Mittwoch, 25. November 2009

DB2 Tablespace State "Backup Pending. Load in Progress."

The load utility of DB2 is a strange thing as it does certain things much faster than using the command line processor but on the other hand goes different transactional ways to complete its work.

One outcome of a load process gone wild (or rather: being interrupted before completing its work) could be that it leaves the tablespace in the state "Backup Pending. Load in Progress" (0x0820) with which DB2 notifies that it still needs a backup, recovery or rollforward usually done by load.

You still can access the tablespace, but any structural/transactional change will be denied due to the status (note that the status of all the associated tables could be "normal") of the tablespace.

For a concise overview of the backup/recovery levels and strategies of DB2 you could have a look at this page.

DB2 buffer pool "4096" has no more pages

Yesterday, we found a customer´s database in a strange state. Whenever doing some of the more bandwith-demanding ETL operations, we were presented with the annoying error message:

Operation could not be performed, because buffer pool has no more pages left.

After some internet search, we found out that these ids belong to buffer pools (so called hidden, for most serious cases under-dimensioned buffer pools - kind of replacement tires) that are not officially assigned to the relevant tablespaces, but that get used once the memory manager cannot start the actually assigned pools, e.g., due to memory shortage.

The database finally had to be restarted (online activation of the buffer pools did not work) in order to get the state back to normal.

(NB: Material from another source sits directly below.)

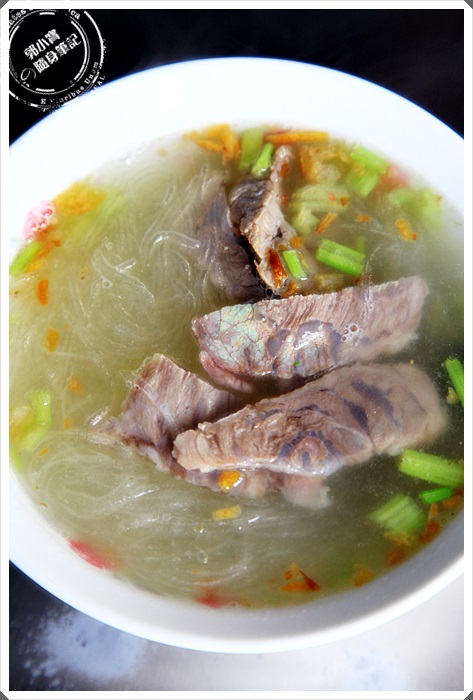 秀明的湯頭真的是充滿了濃濃的南部古早味,簡單的清湯灑上蔥酥跟芹菜,

Date Type Conversion When Federating Oracle into DB/2

Federation (or DB-Link depending on the target DWH platform) is a most convenient way to connect your staging area to your data sources.

There is the golden rule not to stretch the tempting, modern capabilities of that feature to much, hence to first replicate, then transform the data.

There are nevertheless a few issues left that may still hurt you mostly around the builtin data type conversions, especially when formulating the mostly temporally constrained replication conditions.

So, DB2 9.5 represents oracle´s DATE as a TIMESTAMP - hence be sure to use CURRENT_TIMESTAMP instead of CURRENT_DATE!